Univ. of Maryland lifts ban on frat, sorority events after misconduct investigation

The University of Maryland has lifted suspensions on 32 fraternities and sororities after concerns about misconduct surfaced earlier this month. Five other groups remain under investigation. Photo by blacktupelo/Wikimedia Commons

March 16 (UPI) -- The University of Maryland has lifted restrictions on 32 fraternities and sororities after it completed investigation into hazing accusations.

The university earlier this month said it banned 37 chapters of the Interfraternity Council and Panhellenic Association from recruiting new members, speaking to new members and hosting events were alcohol was present after allegations surfaced of hazing and alcohol related activities that "posed a potential threat to the safety and well-being of members of our community."

As of Friday, the university cleared 32 IFC and PHA chapters to return to normal activities.

Five other chapters remain under investigation and will continue to have "limited restrictions" on their activities.

"We recognize that temporarily pausing select activities has had an effect on our fraternity and sorority members, particularly new members," the university said in a statement. "However, we chose a course of action that prioritized safety and prevention, with the aim of assessing the reports we had received and preventing a significant health and safety incident from occurring."

The decision comes days after the national Fraternity Forward Coalition, a group representing several fraternities, filed a federal complaint against UMD over the suspension.

Students in the complaint sought a restraining order and temporary injunction against UMD. The suit listed James McShay, the interim director of fraternity and sorority life, James Bond, the director of student conduct; and Darryll Pines, the university president, as defendants.

"Finally, on the eve of Spring Break, the University of Maryland does the right thing.
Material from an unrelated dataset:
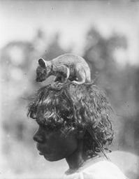 | Keywords: Woman with a pet possum on her head - NMA-11728.jpg en This is a Pongaponga woman from western Arnhem land She carries suspended from her head a basket or bag for holding the food she has gathered And she has a pet ring-tailed possum which she carries on her head while out searching for food Various animals including birds may be kept as pets Often they are young animals brought to the camp by returning hunters 1922 http //www nma gov au/collections-search/display app tlf irn 11728 National Museum of Australia Institution National Museum of Australia Creator Herbert Basedow photo PD-Australia Photographs by Herbert Basedow Photographs in the National Museum of Australia Unidentified people of Australia Aboriginal Australians Pets in Australia |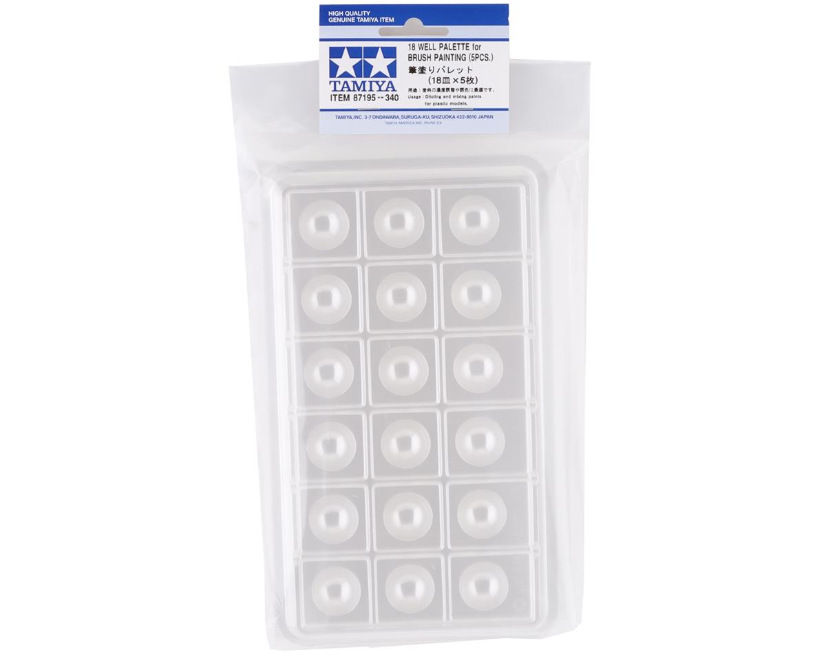 Paleta de pintura Tamiya de 18 cavidades, pack de 5 unidades. Mayor capacidad que la paleta de 15, ideal para proyectos que requieren más colores simultáneos o para pintar figuras con múltiples tonos. Superficie lisa de fácil limpieza.

Sadly, it took them two weeks and the threat of a judge's ruling to do it," Wynn Smiley, spokesperson for Fraternity Forward Coalition, said in a statement issued to media outlets.

"We are astonished by the school's willingness to repeatedly violate their students' civil liberties -- their rights to freedom of association, due process and privacy -- and their own administrative procedures in chasing a meritless investigation."

UMD said all fraternity and sorority groups were warned in an "emergency meeting" in February that further allegations of misconduct would result in restrictions on the groups activities.

Despite the warning, the university said it received reports of "additional incidents" after the meeting took place, which resulted the university issuing a cease and desist order.

Attorneys representing some of the fraternities argued the university's ban on communications with new members violated their clients' First Amendment rights.

The hearing is scheduled to take place Monday in the U.S. District Court for Maryland. It is not clear how the lifting of the ban will affect the hearing.